B200-class systems typically pair with the BlueField-3 B3220, which provides two ports of 200 Gb/s Ethernet or NDR200 InfiniBand. B300-class systems step up to the B3240, with two ports of 400 Gb/s Ethernet or NDR InfiniBand. Both carry sixteen Arm cores and 32 GB of DDR5, which is what lets them run storage initiators, encryption, telemetry, and software-defined networking off the host CPU and off the GPUs. Keeping that plane distinct from the GPU east-west rails is the point: you do not want a storage burst or a control-plane event stealing bandwidth from a gradient all-reduce. When you spec a node, account for the DPU generation alongside the NIC generation, because they move together across the B200-to-B300 transition and a build that mixes them is a build that was assembled, not delivered as a system.
Rail-optimized topology in one pass
Given one ConnectX per GPU, the dominant scale-out layout for these systems is rail-optimized. The idea is simple to state. Number the NICs on each node 0 through 7. Connect every node's NIC-0 to the same leaf switch (call it L0), every NIC-1 to a second leaf (L1), and so on, so that the eight NICs on a node fan out to eight separate leaves. Each of those leaf switches is a rail.
The payoff is that any two GPUs occupying the same position on their respective nodes (every GPU-3, say) can reach each other across a single switch hop, because they share a rail. Collectives that map cleanly onto rails, which most well-tuned all-reduce and all-to-all implementations do, then complete most of their traffic without ever climbing to the spine. Cross-rail traffic still traverses the spine, but the design pushes the heaviest, most regular communication onto single-hop paths. Rail-optimized topology is why the 1:1 GPU-to-NIC ratio on the baseboard is not redundancy for its own sake: it is the precondition that lets each GPU own a dedicated rail. Step up from ConnectX-7 to ConnectX-8 and every rail in the cluster doubles in width at once, which is why the generation printed on the baseboard, not the GPU model alone, is what an architect has to read before sizing the spine.
Why the system contract pins the fabric
Here is where networking architecture meets procurement, and why it matters who you buy from and how. The NIC generation on these systems is not a configurable accessory you bolt on later. ConnectX-7 is integrated onto the B200 HGX baseboard; ConnectX-8 is integrated onto the B300 HGX baseboard. The same is true of the BlueField-3 generation that ships with each. When you buy the system, you buy the fabric. The OEM SKU encodes it: a Supermicro SYS-A22GA-NBRT, a Gigabyte G894-AD1-AAX5, a Dell PowerEdge XE9780, an HPE ProLiant Compute XD685, a Lenovo SR680a V3, each carries a specific baseboard with a specific NIC generation and a specific DPU.

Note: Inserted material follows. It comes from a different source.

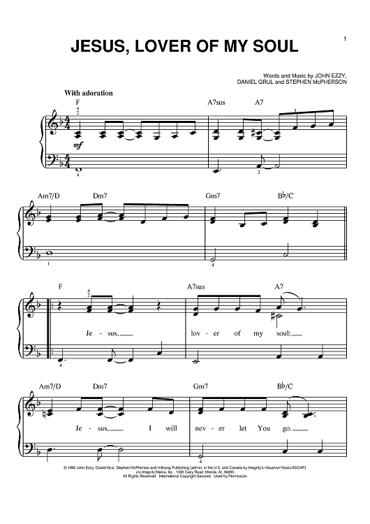 Digital Sheet Music for Jesus, Lover Of My Soul by John Ezzy, Daniel Grul, Stephen McPherson scored for Easy Piano; id:391314

That is exactly why Rillor writes forward contracts on complete OEM systems rather than on loose GPUs. A contract for "eight Blackwell GPUs" tells you nothing about whether you are getting 400 Gb/s or 800 Gb/s of east-west bandwidth per GPU, whether the DPU is a B3220 or a B3240, or whether the baseboard will accept the switch fabric you have already deployed. A Rillor forward contract references the exact OEM system SKU, which pins the NIC generation, the DPU, the CPU, and the interconnect along with it. You can read the standardized terms in the anatomy of a Rillor forward contract, and you can see the live catalog of system-level SKUs on the marketplace and the SKU index. The contractual unit and the architectural unit are the same unit, which is the only way to guarantee that the cluster you designed is the cluster that lands on your dock.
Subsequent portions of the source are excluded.